Ahora le preocupaban cosas más importantes. Incluso de niño, Glaucous había sido vagamente consciente de que nada era lo que parecía. El bonito tapiz de la apariencia se pintaba de nuevo cada hora para aquellos que tenían dinero y posición, una fachada para el privilegio, una máscara para cubrir la crueldad subyacente. Para el pobre, el hambriento, el gobierno del privilegio era una sopa ácida entre dientes podridos, que apenas valía una risotada en una borrachera coja. Guerra y morir en una zanja. Robas un pan para dar de comer a tus hermanas, los polis te golpean las costillas y tú acabas escarranchado en prisión, cada respiración una puñalada.

Muerte, dolor y privilegio, lejos de tu control, mira bien la alcantarilla antes de que la rata muerda.

Conozco este lugar. Aquí termina el privilegio. Mi suerte: la perdición de los pájaros
.

Se detuvo para tomar aliento. Era asombroso que pudiesen respirar. Magia de grupo. Daniel no la llamaba así… pero así era también para él. Y aun así habría vendido al mágico Jack en una jaula y el Ansia lo hubiese traído hasta aquí, junto con la chica y muchos otros… y toda esperanza habría muerto.

Atrapa el pájaro. Muerde el cuello y desangra al cordero. Que nunca sea mi ave. Que nunca sea mi cordero.

Negocios.

Pero esto…

Incluso allá en las calles de Londres, agitándose en la parte de atrás del carro, incluso entonces el joven Max podía tirar de la suerte, dirigir el carro hacia los campos más tranquilos, menos cazados, bajo las bandadas más densas y mayores. Incluso entonces era capaz de hacer surgir una nube de pájaros felices, bayas y bichos, montones de semillas rodeadas de seguridad. Una ilusión de abundancia sin halcones, sin cazadores.

Algo le dio en los hombros y se agachó, esperando un golpe. Le resultaba difícil respirar. Podría ahogarse. Ya no veía a Daniel o a Jack.

Pero uno nunca estaba solo.

Glaucous alzó la vista, estremeciéndose ante lo que sabía que vería. En su lugar, se presentó una confusión marrón… como un cielo lleno de nubes de humo de carbón: bucles, espirales y curvas y destellos lentos y desesperados como relámpagos drogados. El humo cayó a trozos como piedras neblinosas atrapadas en un desprendimiento de tierra, intentando atrapar y retener las líneas y bucles. Todo en absoluto silencio. Por toda la escena volaban amplias y polvorientas alas y la voluta retorcida de un hombre que no estaba allí.

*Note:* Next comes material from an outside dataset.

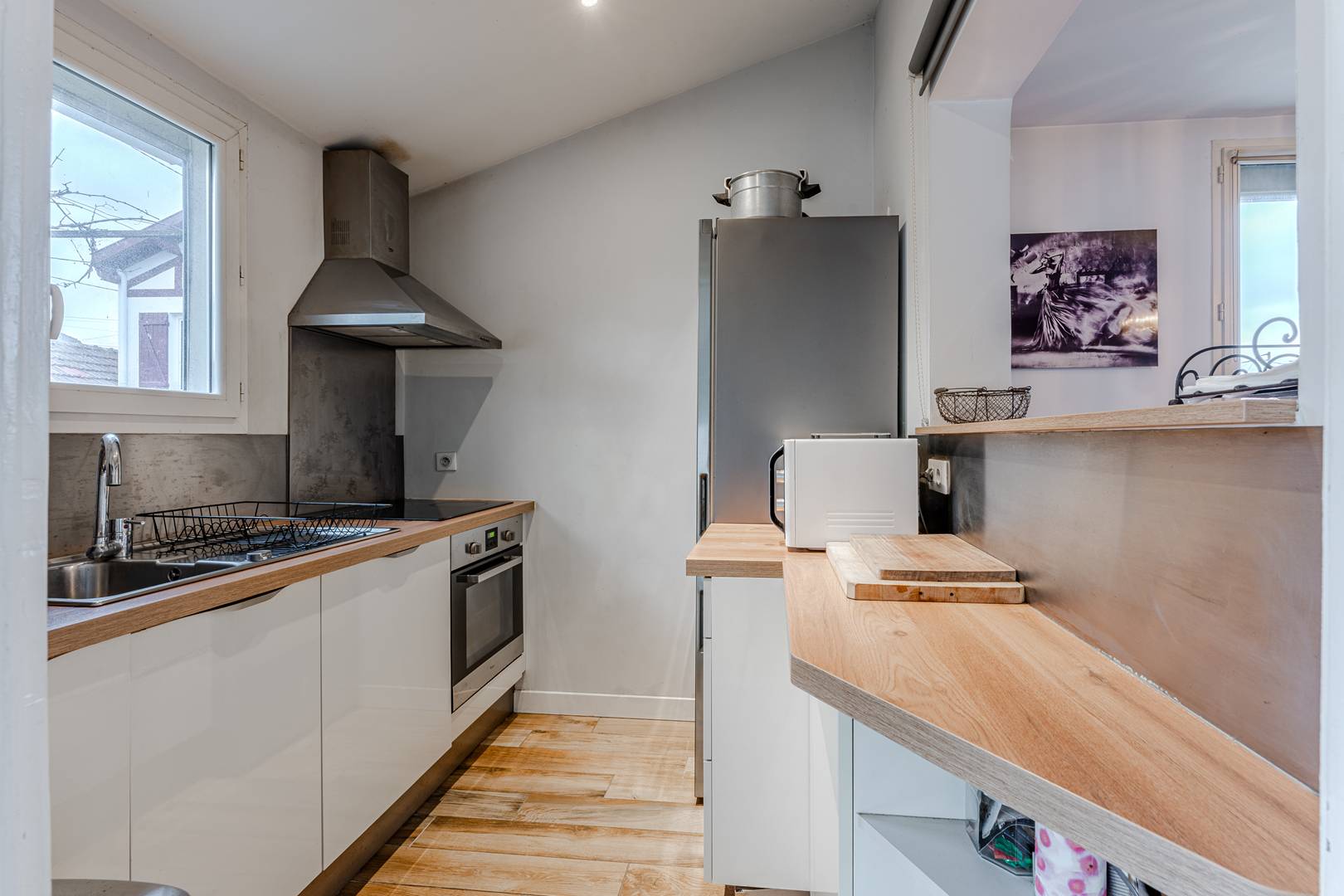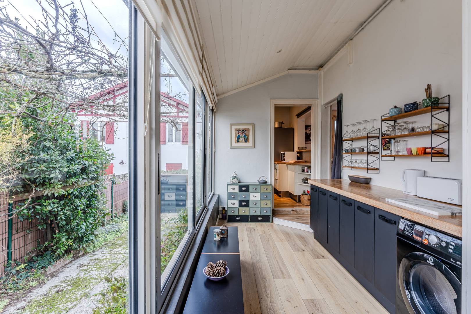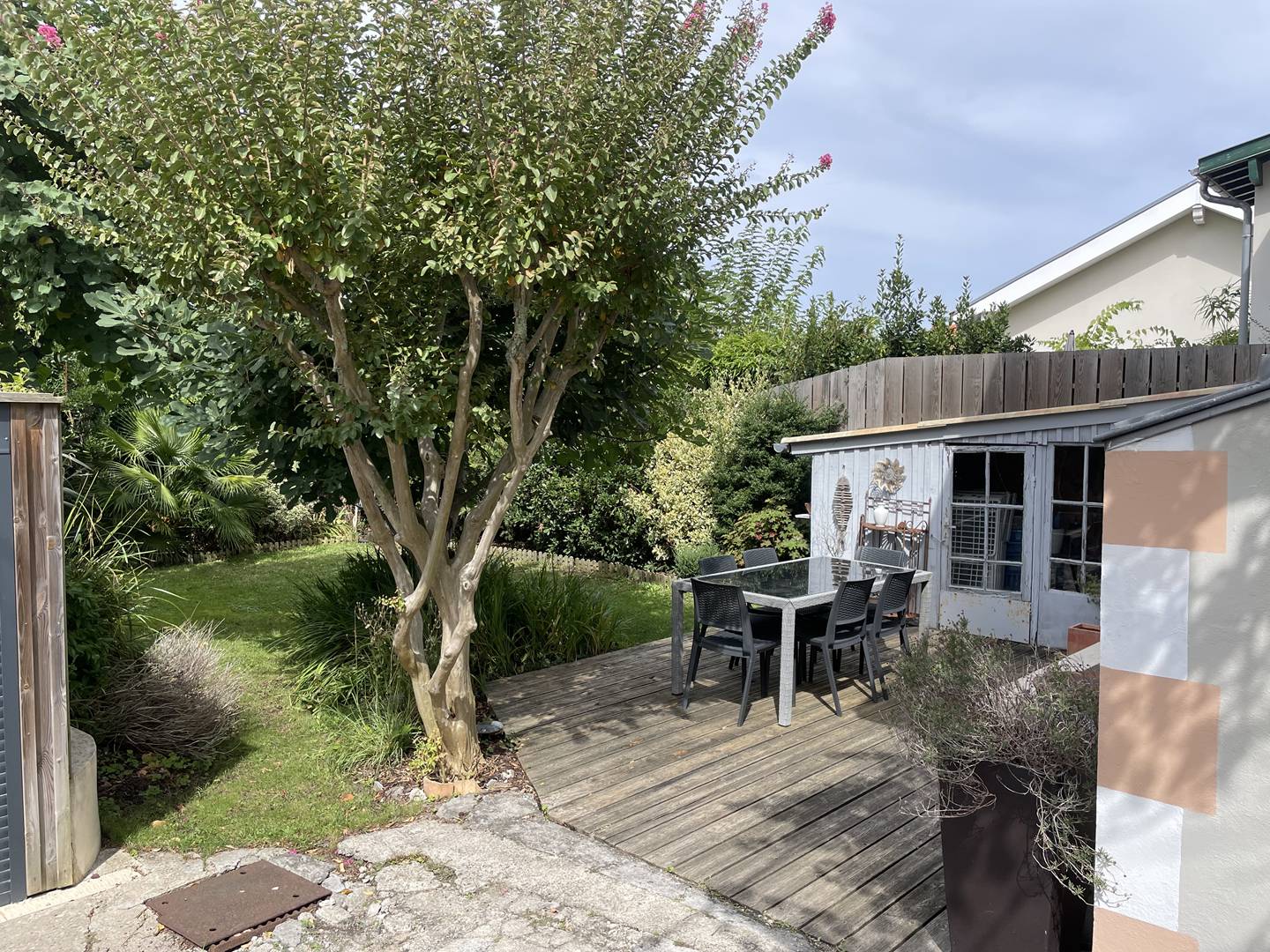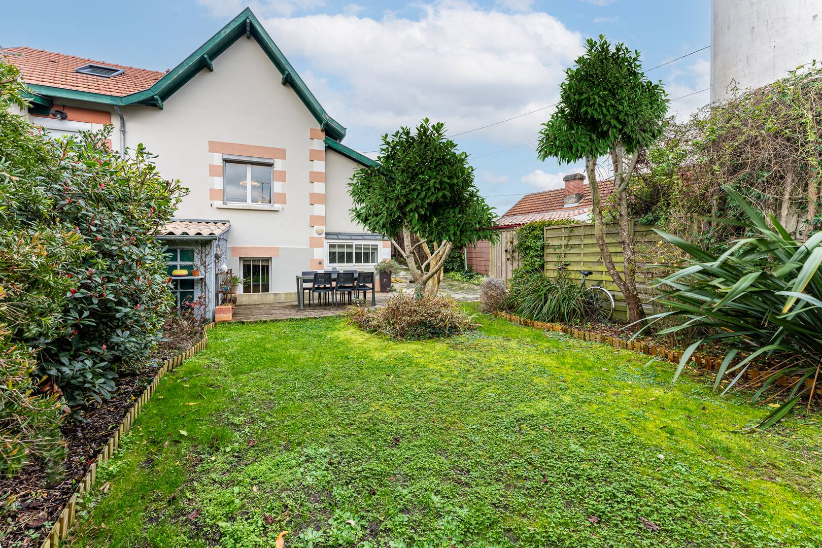 Au rez-de-chaussée, une entrée mène à une salle à manger et à un salon lumineux orienté ouest, offrant une jolie vue sur le jardin. La cuisine, entièrement équipée (réfrigérateur-congélateur, plaques induction, hotte, micro-ondes, four, lave-vaisselle), s’accompagne d’une arrière-cuisine vitrée qui ouvre sur un passage privé vers le jardin, idéalement aménagée avec rangements et lave-linge. Un placard de rangement et des WC séparés complètent cet espace.

Glaucous cayó de rodillas, como hacía siempre que se encontraba en presencia de poderes malvados.

La Polilla.

Además, un hombre delgado con pie zambo vestido de negro ceniciento surgió de las tinieblas y extendió sus brazos.

—Última llamada —dijo Whitlow con alegría—. El infierno no conoce furia como la de una mujer despechada, Max.
Ella
ha sido cruel, echándonos la culpa. Pero tú…

gozas de su gloria y su gracia. Tú solo trajiste a los bonitos pájaros. Y uno extra. Mi premio. El mal pastor.

Glaucous tragó con miedo.

—En lo que se refiere a ellos…

—Nada de disculpas y nada de volver atrás, señor Glaucous. Hora de recibir tu recompensa.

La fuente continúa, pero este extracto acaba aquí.